Main June 2026 KB Numbers
| Platform | June 2026 update | Build after install | Plain-English note |
|---|---|---|---|
| Windows 11 version 26H1 | KB5095051 | 28000.2269 | Security fixes, May preview improvements, BitLocker reliability testing improvement, and servicing stack update KB5101277. |
| Windows 11 versions 25H2 and 24H2 | KB5094126 | 26200.8655 and 26100.8655 | Security fixes, Secure Boot certificate targeting changes, and a virtualization fix for some restart, VM, and gaming Stop errors after KB5089573. |
| Windows 11 version 23H2 | KB5093998 | 22631.7219 | Security fixes, Secure Boot changes, device management reliability improvements, File Explorer search improvements, and a BitLocker recovery fix related to April’s update. |
| Windows 10 ESU / Enterprise LTSC 2021 / IoT Enterprise LTSC 2021 | KB5094127 | 19045.7417 and 19044.7417 | Security update with Secure Boot reporting changes, File Explorer search improvements, and a known BitLocker recovery-key issue for some managed systems. |
| Windows Server 2025 | KB5094125 | 26100.32995 | June cumulative security update for Server 2025. |
| Windows Server 2022 | KB5094128 | 20348.5256 | June cumulative security update for Server 2022. |
Good Points
- Windows 11 24H2 and 25H2 have no Microsoft-listed known issues at publication time. Microsoft says it is not currently aware of known issues for KB5094126.
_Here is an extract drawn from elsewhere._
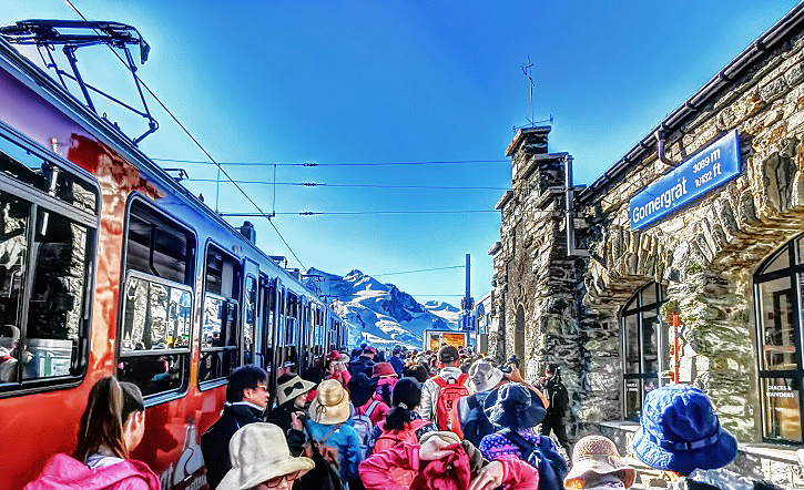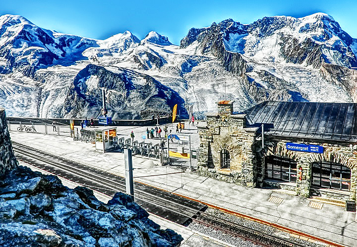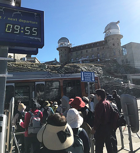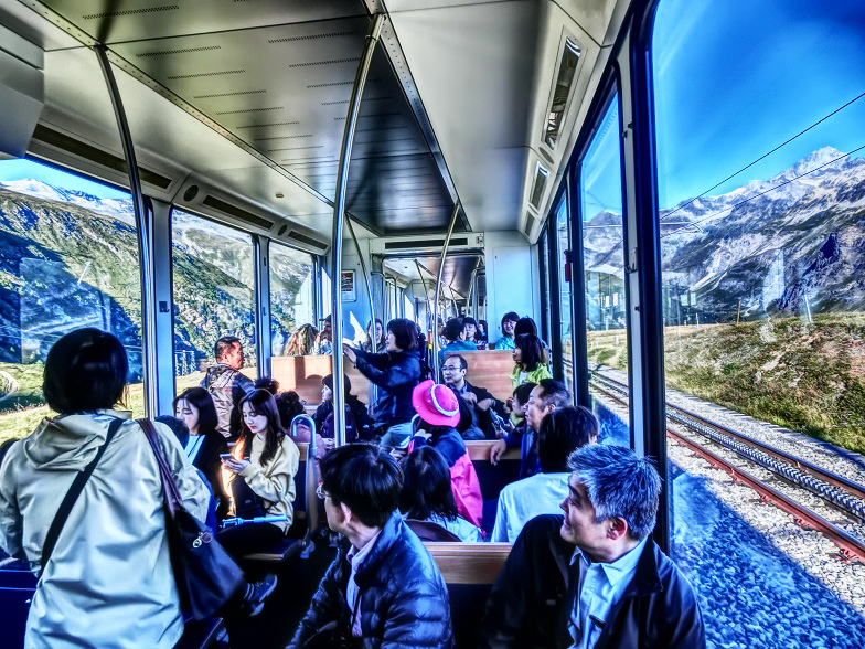 標高3089m(富士山8合目相当)のゴルナーグラート駅まで、

- Windows 11 26H1 also has no Microsoft-listed known issues at publication time. KB5095051 is mainly a security cumulative update plus servicing-stack and May-preview improvements.
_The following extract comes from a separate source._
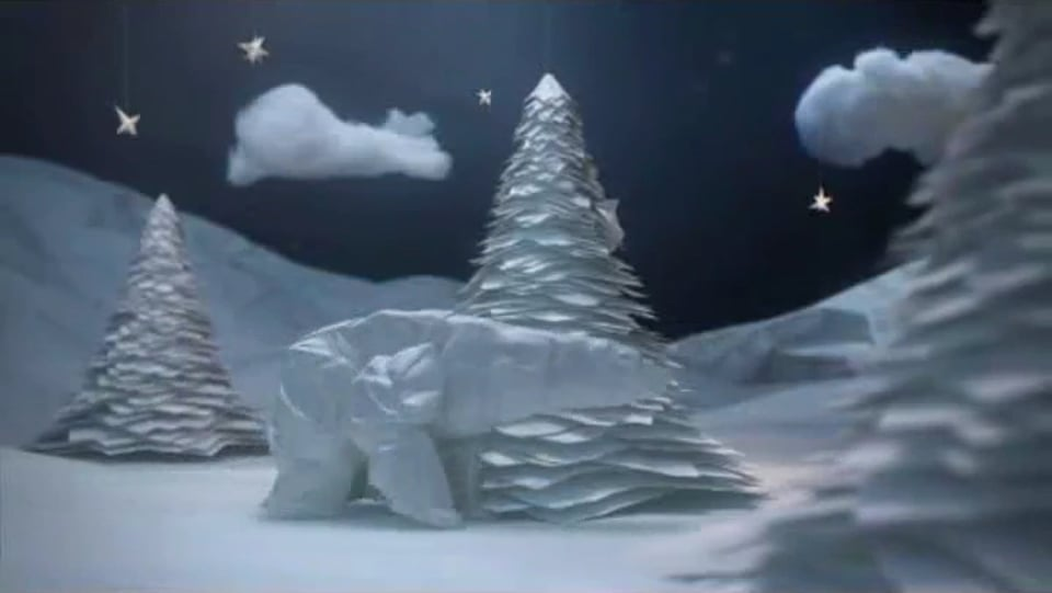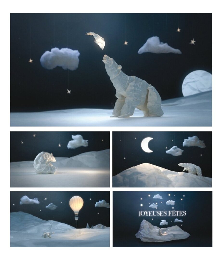 How can you get a TV audience into the Christmas holiday spirit without resorting to long-established clichés? The objective for this spot was to develop a Christmas branding for the public service channel France 3; a branding that would appeal to the different age groups of an ever-changing society and one that would not be religious. Crumpled paper, paper folded in Origami style and small cotton clouds were used to create a little world with a poetic winter landscape appeal, which, almost casually, also raises awareness of global warming. In this white landscape, a polar bear enjoys its life experiencing many different little stories or incidents. Thus, from the top of a mountain, the bear can give the moon a little push to make it swing, or it catches a shining fish, which, as soon as it has been swallowed, makes the bear shine from the inside. Hundreds of hours of 3D animation were necessary to create these lifelike renderings that aim to accompany the audience through the winter in a charm- ing and enchanting way. Statement by the jury »This elaborately designed, yet not overloaded presentation has a very charming appeal. It succeeds in addressing the audience not only beyond the typical clichés of the Christmas season, but also across all ages, genders and religious beliefs, and thus creates a custom-tailored solution for the channel.«

- Secure Boot certificate rollout is being handled gradually. Microsoft says devices receive new certificates only after enough successful update signals, which should reduce the chance of broad boot problems.
- Windows 11 24H2/25H2 gets a virtualization fix. Microsoft documents a fix for some HYPERVISOR_ERROR and KMODE_EXCEPTION_NOT_HANDLED Stop errors after KB5089573 during restarts, VM activity, or some gaming scenarios.
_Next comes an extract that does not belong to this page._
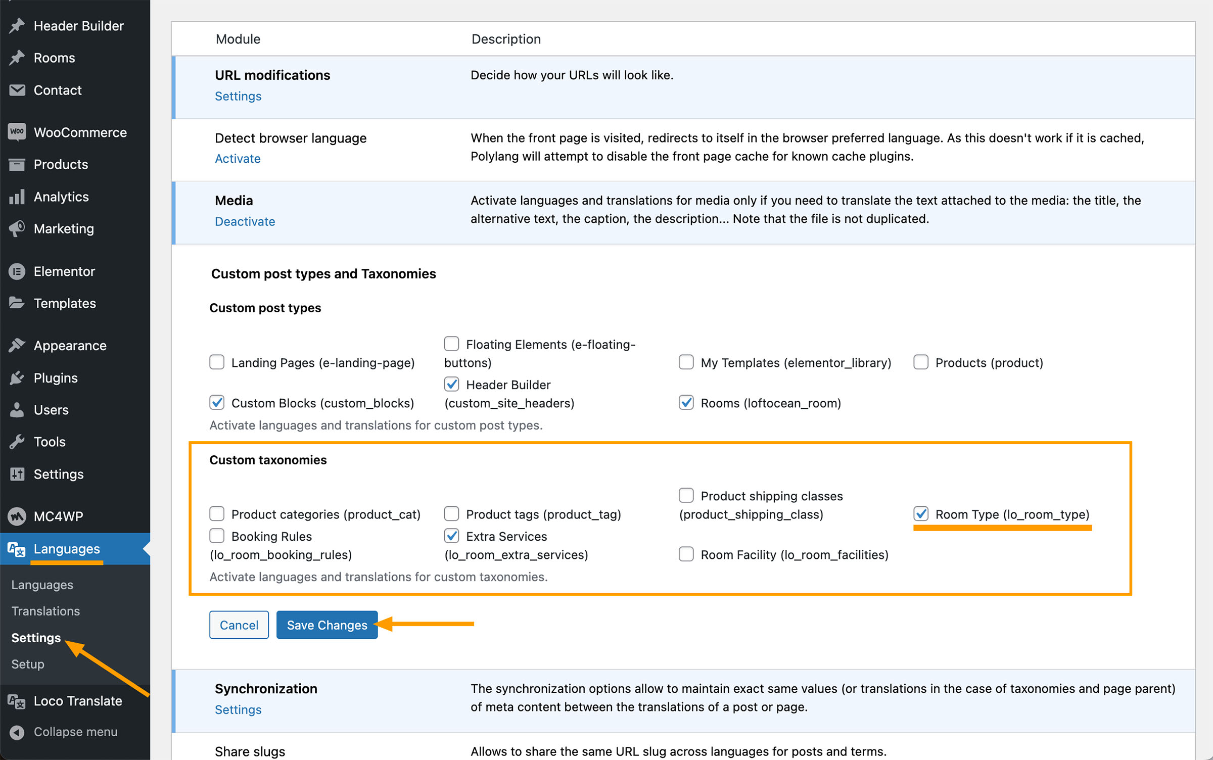 - Please navigate to Languages > Settings, find Custom post types and Taxonomies and click Settings.

- Windows 11 23H2 gets several practical fixes. The update includes File Explorer search improvements, device management certificate sync improvements, COSA mobile operator profile updates, and a BitLocker recovery fix tied to an April update condition.
Watch-Outs Before Installing
Windows 10 has the biggest caution this month. Microsoft lists a known issue for KB5094127 where some devices with an unrecommended BitLocker Group Policy configuration might ask for the BitLocker recovery key on the first restart after installation.
Microsoft says the Windows 10 issue is limited to systems where all of these are true: BitLocker is enabled on the OS drive, the TPM platform validation policy includes PCR7, msinfo32.exe reports Secure Boot State PCR7 Binding as “Not Possible,” the Windows UEFI CA 2023 certificate is present, and the system is not already running the 2023-signed Windows Boot Manager. That combination is unlikely on normal home computers, but it can absolutely matter in managed business environments.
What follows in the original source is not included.